## Available data
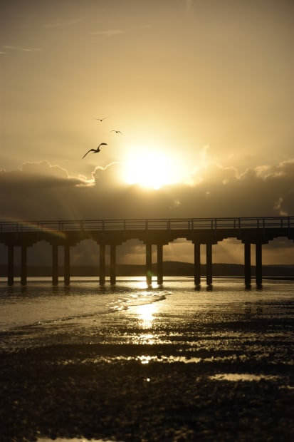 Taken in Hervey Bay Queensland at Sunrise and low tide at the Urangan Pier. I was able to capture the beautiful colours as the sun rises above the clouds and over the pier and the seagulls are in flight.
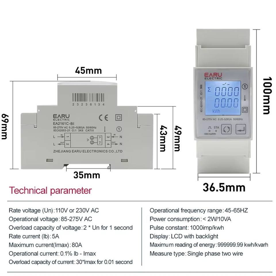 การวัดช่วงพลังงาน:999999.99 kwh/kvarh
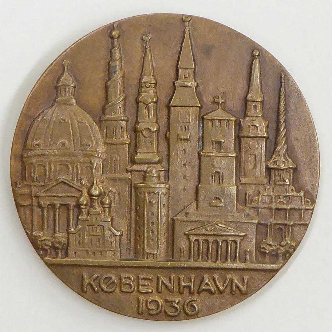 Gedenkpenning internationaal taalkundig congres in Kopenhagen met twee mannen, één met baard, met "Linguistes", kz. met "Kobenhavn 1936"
==
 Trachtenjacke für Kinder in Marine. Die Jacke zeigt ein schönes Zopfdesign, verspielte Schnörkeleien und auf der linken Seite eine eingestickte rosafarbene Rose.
...
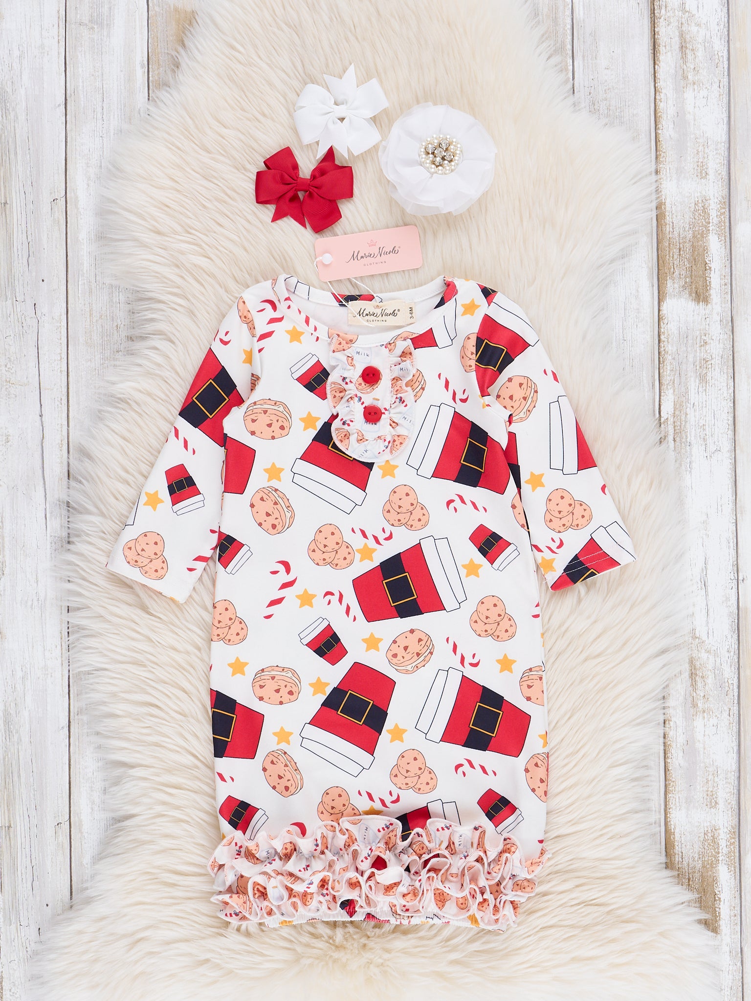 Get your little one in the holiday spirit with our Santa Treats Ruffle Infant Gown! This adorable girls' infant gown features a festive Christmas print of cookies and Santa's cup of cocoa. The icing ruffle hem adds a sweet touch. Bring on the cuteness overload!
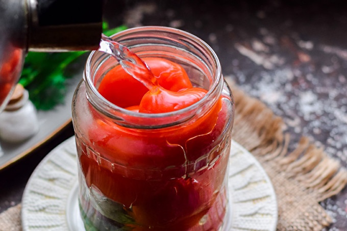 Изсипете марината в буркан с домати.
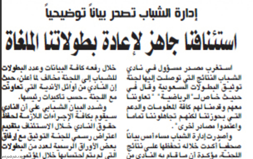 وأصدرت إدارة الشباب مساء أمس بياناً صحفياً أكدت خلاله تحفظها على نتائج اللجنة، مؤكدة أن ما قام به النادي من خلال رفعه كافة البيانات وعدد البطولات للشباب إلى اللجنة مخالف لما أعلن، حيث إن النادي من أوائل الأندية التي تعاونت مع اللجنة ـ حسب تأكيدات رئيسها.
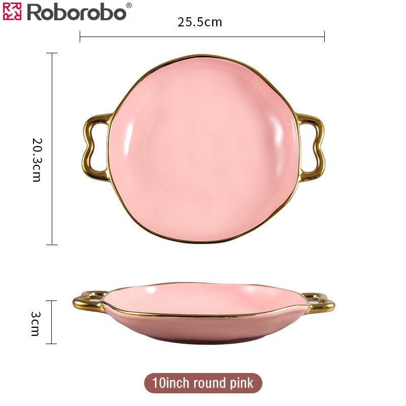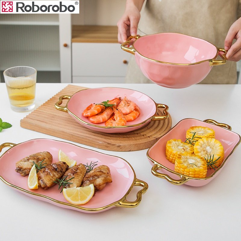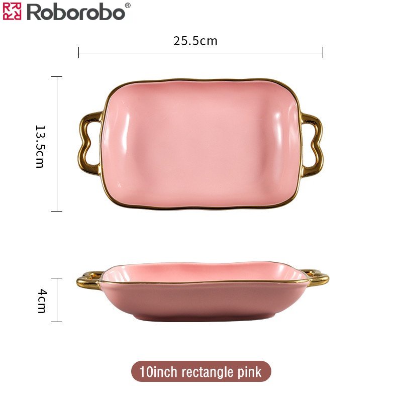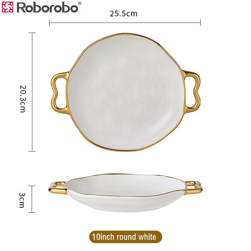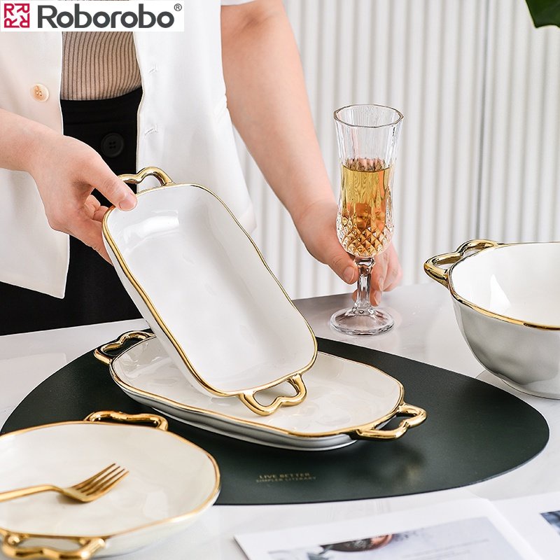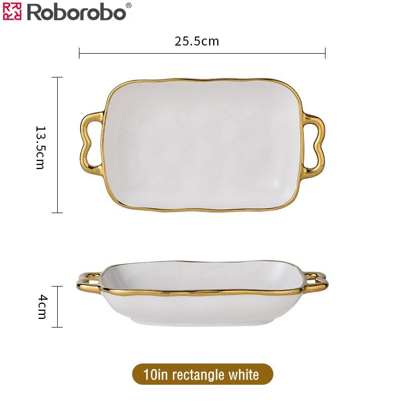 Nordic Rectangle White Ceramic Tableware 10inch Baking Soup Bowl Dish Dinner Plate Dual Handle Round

## Task objective
Out of the records above, please copy exactly the lines from the line with "Taken in Hervey" up to and including the line with "Gedenkpenning internationaal taalkundig", minus the pictures.

## Written answer
 Taken in Hervey Bay Queensland at Sunrise and low tide at the Urangan Pier. I was able to capture the beautiful colours as the sun rises above the clouds and over the pier and the seagulls are in flight.
 การวัดช่วงพลังงาน:999999.99 kwh/kvarh
 Gedenkpenning internationaal taalkundig congres in Kopenhagen met twee mannen, één met baard, met "Linguistes", kz. met "Kobenhavn 1936"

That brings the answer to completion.